Professor Shanta Persaud and Professor Aileen King’s Beta Cell Therapy Programme Grant project
Professor Shanta Persaud and Professor Aileen King are world-leading experts at studying how insulin-producing beta cells work and develop in humans. They’ll use their specialised knowledge to run state-of-the-art experiments and find ways to improve methods to engineer new beta cells in the lab, so they act and react more like real human beta cells. This project could help to accelerate progress towards life-changing new treatments that restore insulin production in people with type 1 and bring us closer to a cell-based cure for the condition.
People with type 1 diabetes rely on insulin injections or pumps to replace what the immune system has destroyed. While insulin therapy is lifesaving, current insulins don’t come close to the minute-to-minute adjustments that beta cells make to manage blood sugar levels.
Scientists have been trying to find ways to give people with type 1 new beta cells, by making them in the lab from stem cells and transplanting them inside the body. Although lots of progress has been made in recent years, lab-made cells just aren’t as good at producing insulin or responding to changing blood sugar levels as real beta cells are.
Lots of what we know about turning stem cells into beta cells is based on how beta cells develop in mice. But Professor Persaud and Professor King have been studying human pancreas development and want to harness this knowledge to make better performing beta cells that are well equipped to survive transplantation.
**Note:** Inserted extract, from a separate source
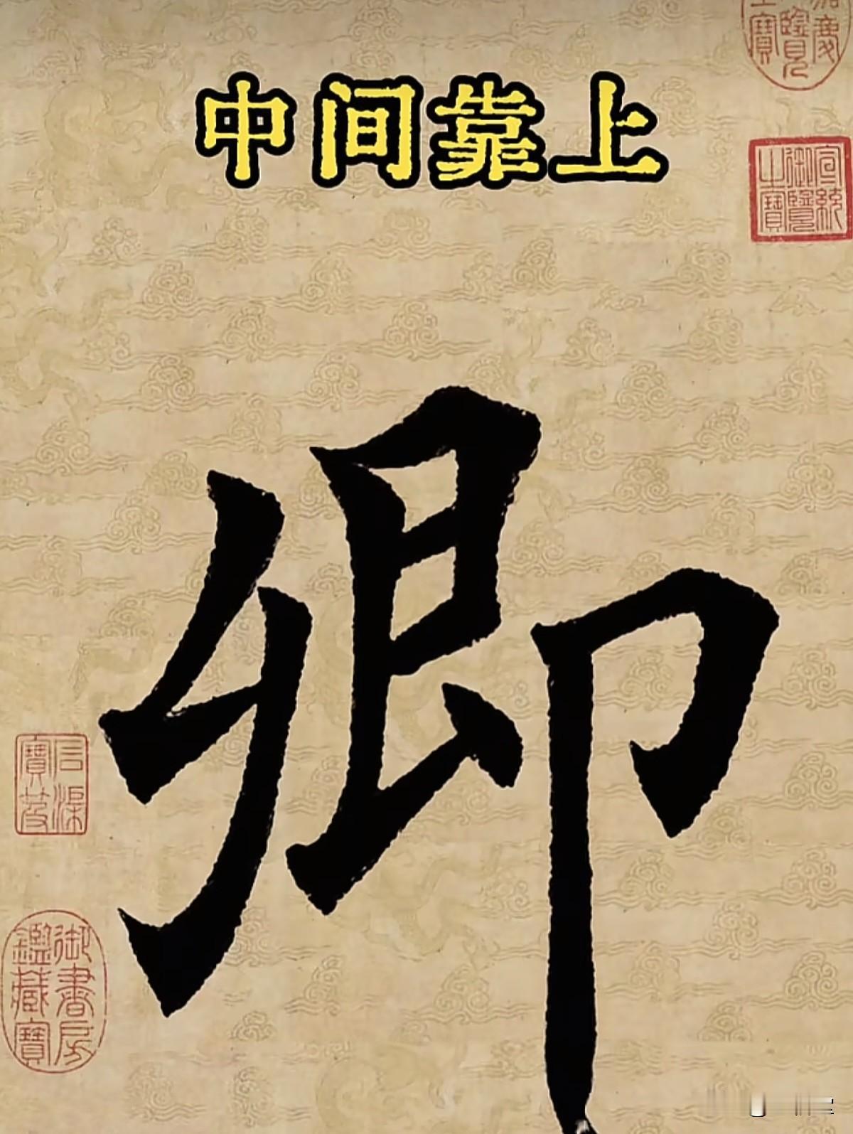 ❸中间靠上:碰到左中右结构的字,中间部分要向上靠拢,让字的重心更稳。

Professor Persaud and Professor King will lead a team to:
They’ve discovered that cells that support nerve cells (called Schwann cells) may also help support beta cells. They will carry out tests to see if Schwann cells could improve the ability of stem cells to transform into functioning beta cells.
Once beta cells have been made, the team must make sure they are an elite class of insulin producers. They’ll run tests to see what type of support, nutrients and special molecules can help the newly made cells work even better.
Next, they’ll use state-of-the-art techniques to rigorously test if the lab-made beta cells are really acting like real beta cells. This includes looking at how the lab-made beta cells use oxygen, store insulin and respond to rising blood sugar levels.
The team will coat clusters of lab-grown beta cells with survival boosting molecules, by a process called nanoencapsulation, and test if this helps them survive transplantation better.
Having an unlimited supply of elite beta cells ready for transplantation could mean a future where people with type 1 diabetes never have to think about their blood sugar levels or insulin, because their beta cells are doing it for them. While transplants would also help to reduce the risk of developing diabetes complications.
If successful, this project will turbo charge progress towards clinical trials of transplants using new and improved lab-grown lab cells, and move us closer to a cure.
Professor Aileen King said:
“People with type 1 diabetes have to constantly think about their blood glucose levels and adjust their insulin doses in response. Our aspiration is to produce fully functioning beta cells suitable to implant into people living with type 1 diabetes, which do this on their behalf.
“This would be transformative for people with the condition, as it would restore the body’s minute-to-minute insulin production that is required to carefully control blood glucose levels – reducing the risk of dangerous blood sugar lows and long-term diabetes complications, while also reducing the huge psychological impact of living with diabetes.”